Directions >>
Find the line with "Traditional Crystal 4" in the entries below. Repeat it, every following line, and the line with "K패스 카드는 총 23개의", exactly and with nothing added.

Exercise inputs >>
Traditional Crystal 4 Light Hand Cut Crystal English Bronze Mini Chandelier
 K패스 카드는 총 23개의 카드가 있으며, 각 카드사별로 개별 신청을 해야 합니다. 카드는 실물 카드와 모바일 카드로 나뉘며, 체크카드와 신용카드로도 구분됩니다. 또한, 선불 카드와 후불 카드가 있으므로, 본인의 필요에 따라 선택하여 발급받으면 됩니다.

---

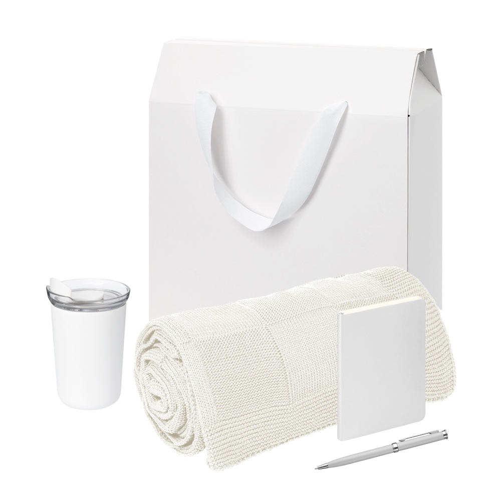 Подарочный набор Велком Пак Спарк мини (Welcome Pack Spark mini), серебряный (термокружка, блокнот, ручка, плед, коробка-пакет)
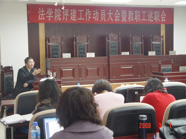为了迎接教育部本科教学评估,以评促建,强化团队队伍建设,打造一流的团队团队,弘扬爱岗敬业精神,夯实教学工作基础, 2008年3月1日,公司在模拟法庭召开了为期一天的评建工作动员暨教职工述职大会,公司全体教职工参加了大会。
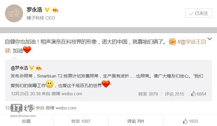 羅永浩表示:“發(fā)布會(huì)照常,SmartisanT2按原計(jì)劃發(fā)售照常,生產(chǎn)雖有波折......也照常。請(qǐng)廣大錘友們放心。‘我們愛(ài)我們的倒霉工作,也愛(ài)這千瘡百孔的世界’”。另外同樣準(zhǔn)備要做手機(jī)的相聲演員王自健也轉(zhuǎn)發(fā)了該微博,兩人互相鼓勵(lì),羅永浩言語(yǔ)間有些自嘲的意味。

Exercise result >>
Traditional Crystal 4 Light Hand Cut Crystal English Bronze Mini Chandelier
 K패스 카드는 총 23개의 카드가 있으며, 각 카드사별로 개별 신청을 해야 합니다. 카드는 실물 카드와 모바일 카드로 나뉘며, 체크카드와 신용카드로도 구분됩니다. 또한, 선불 카드와 후불 카드가 있으므로, 본인의 필요에 따라 선택하여 발급받으면 됩니다.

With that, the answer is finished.